We have been told to be patient while we wait for the facts of Brown’s case to emerge. But facts are not in short supply.

We know that Ferguson police were twice as likely to arrest blacks as whites during traffic stops.

We know that Ferguson is two-thirds black but that its police force is less than 6% black, that its city council is 16% black and its school board is 0% black. This is why scenes from there resemble a community under occupation.

We know that what happened in Ferguson does not contradict what is happening nationally but illustrates it.

We know that three other black men have been killed by police in the US in the last month.

We know that police stopped and frisked New Yorkers more than 4m times in a decade, most of them black and Latino, 90% of them, according to the NYPD’s own figures, innocent of any crime.

We know that black youth do not use drugs at a greater rate than white youth but are far more likely to be incarcerated for drug crimes.

We know that the former New York police commissioner, Ray Kelly, told a state senator that he targeted black and Latino youth “because he wanted to instill fear in them that every time that they left their homes they could be targeted by police”.

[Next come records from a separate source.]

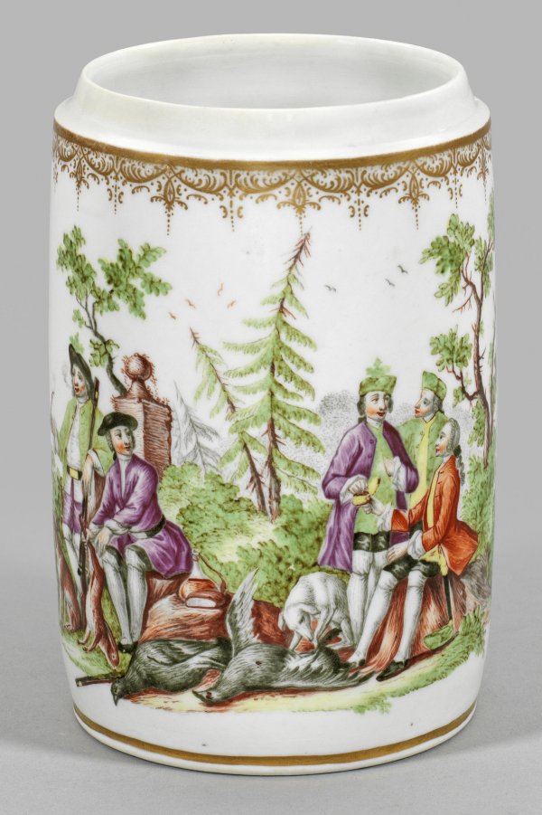 Jagdlicher Humpen mit Hausmalerei-Szene Zylinderförmiger Korpus, seitlicher Bandhenkel mit reliefiertem Akanthusansatz. Auf der Schauseite großzügig angelegte, szenische Darstellung einer Jagdgesellschaft bei der Rast in baumbestandener Landschaft, umgeben von der erlegten Beute. Im Hintergrund emporragende Burgfelsen. Polychrome Malerei wohl von Franz Ferdinand Mayer in Preßnitz.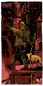 The image shows a red industrial background of cascading metal buildings, wires, and infrastructure. At the center in the foreground lit in yellow is a punk walking on a roof top with a malnourished dog by his side, walking to the left, one arm stretched in front of him, and his other arm carrying a stick. His right leg is in front of him, hovering over the edge of the building, as though about to step off the building's edge, unaware.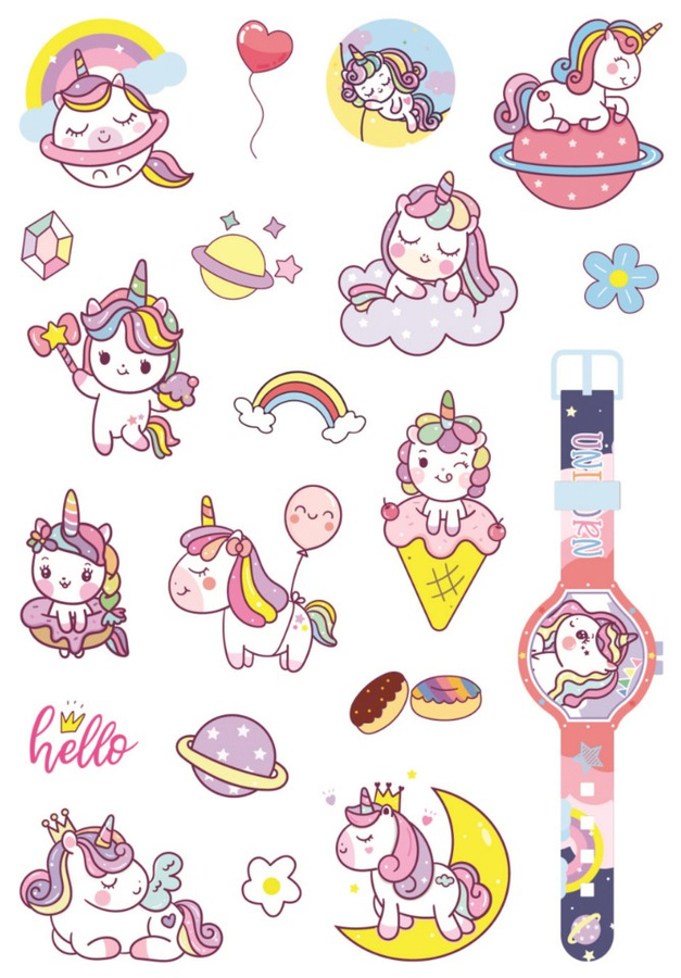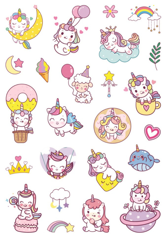 • Motyw: urocze jednorożce, chmurki, tęcze i inne bajkowe elementy
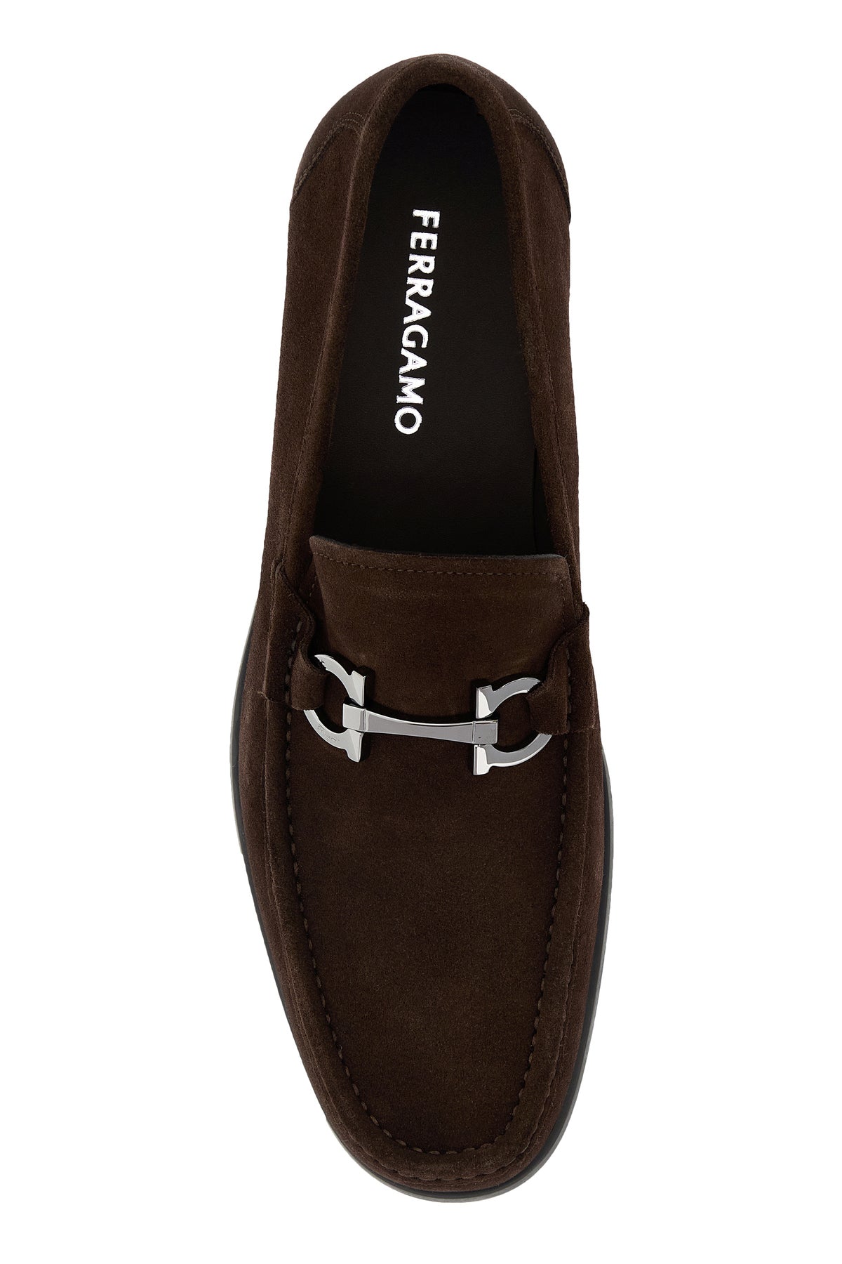 Mocassini realizzati in pelle scamosciata arricchiti da dettaglio metallico Gancini sul collo del piede.
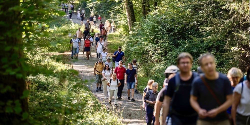 Bei herrlichem Spätsommerwetter konnten die Teilnehmer auf verschiedenen Routen den Weg durch ortsbürgerliche Wälder zum Festplatz auf einem der 17 ortsbürgerlichen Landwirtschaftsbetriebe, dem Hof Herbrig, geniessen.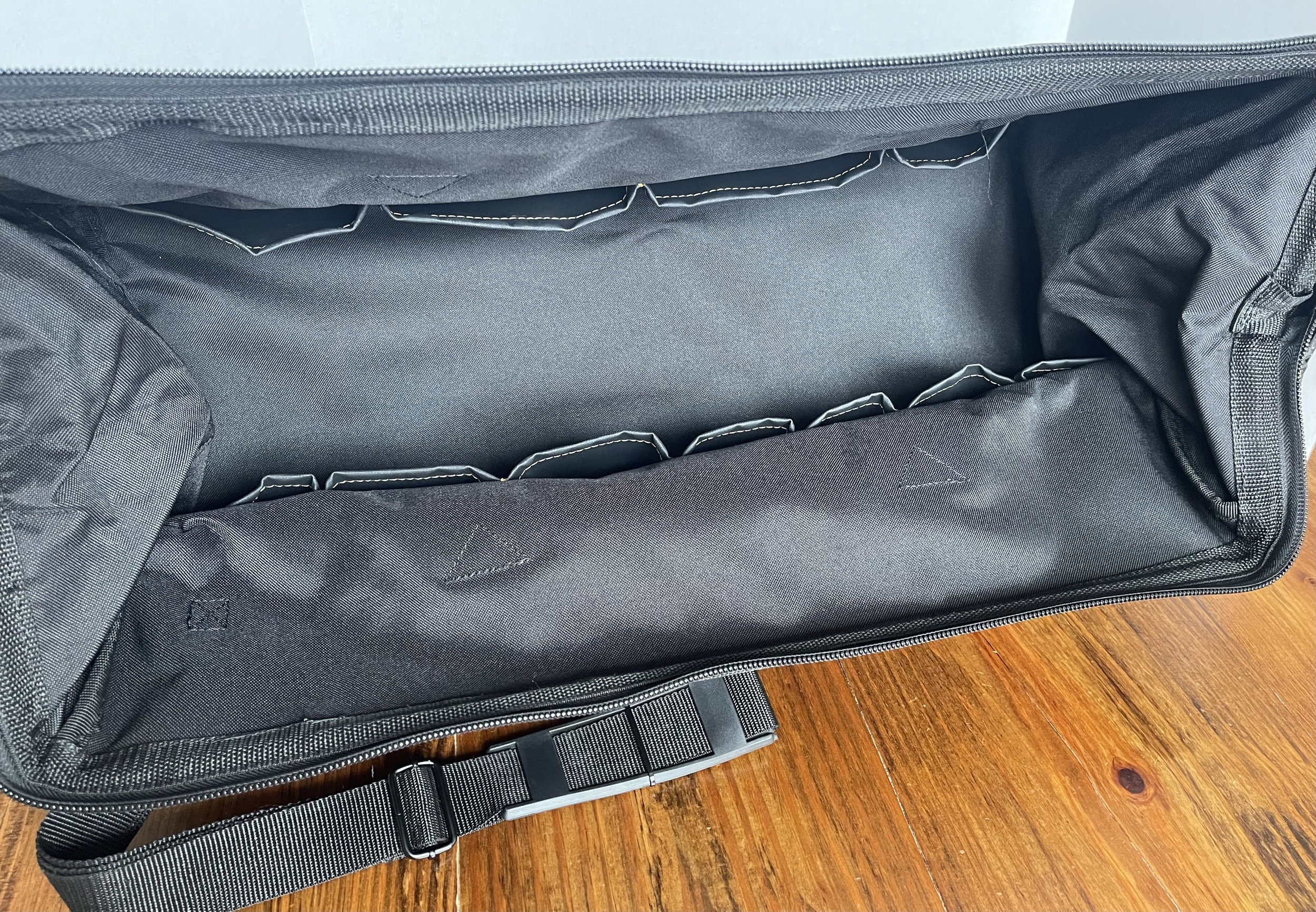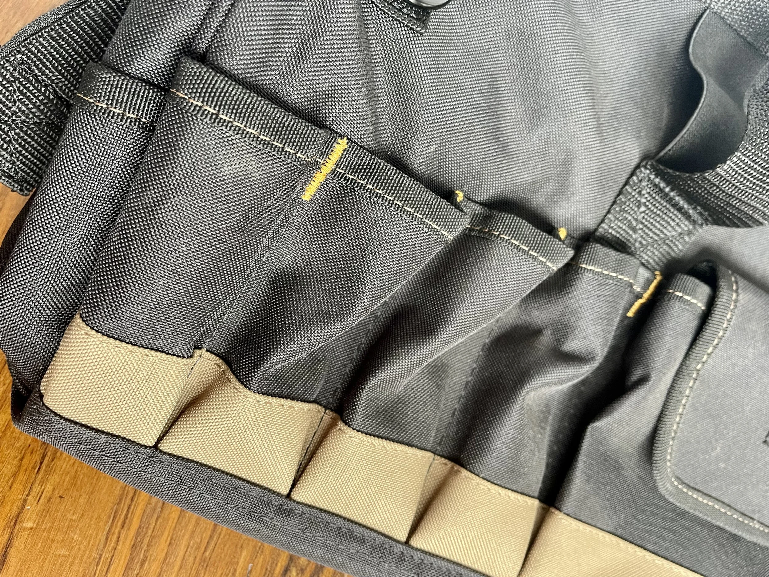 From the manufacturer: Our superior quality MegaMouth™ tool bag has 32 pockets and an extra-large interior compartment for tools and parts, plus padded handles and an adjustable shoulder strap for easy carrying.

We know that the military policing of black communities has been escalating for almost two generations.

“In 1972 there were just a few hundred paramilitary drug raids per year in the US,” writes Michelle Alexander, in the New Jim Crow. “By the early 80’s there were three thousand annual Swat deployments, by 1996 there were thirty thousand, and by 2001 there were forty thousand.”

“You already know enough,” wrote Sven Lindqvist in Exterminate All the Brutes. “So do I. It is not knowledge we lack. What is missing is the courage to understand what we know and draw conclusions.”

The inevitable conclusion is that for all the symbolic ways in which America looks different racially when it comes to matters of substance, it acts the same.

When Barack Obama was contemplating a a presidential run, his sceptical wife, Michelle, asked him what he thought he could accomplish. “The day I take the oath of office,” he said. “The world will look at us differently. And millions of kids across this country will look at themselves differently. That alone is something.”

Many, donning rose-tinted glasses, declared themselves colour-blind and read racism its rights. “There is an old disease, and that disease is cured,” Bert Rein argued before the US supreme court, last year as he successfully persuaded them to gut the Voting Rights Act. “That problem is solved.”

But while America saw racism differently, it did not, apparently, see black people differently.

The racial inequality in unemployment and income remained the same while disparities in wealth grew. And there was the policing. The reign of terror on the streets. The stopping, frisking, shooting and killing.

Which brings us to back Michael Brown. For he may well have seen himself differently when he watched Barack Obama take the oath or take a walk, that balmy November night of his presidential victory in 2012. He may have believed that he could ascend to the highest office or achieve his potential in whatever field he chose. But the police officer who shot Michael Brown did not assume he might be gunning down the future president of America. And so, like so many before him, he couldn’t even walk the streets.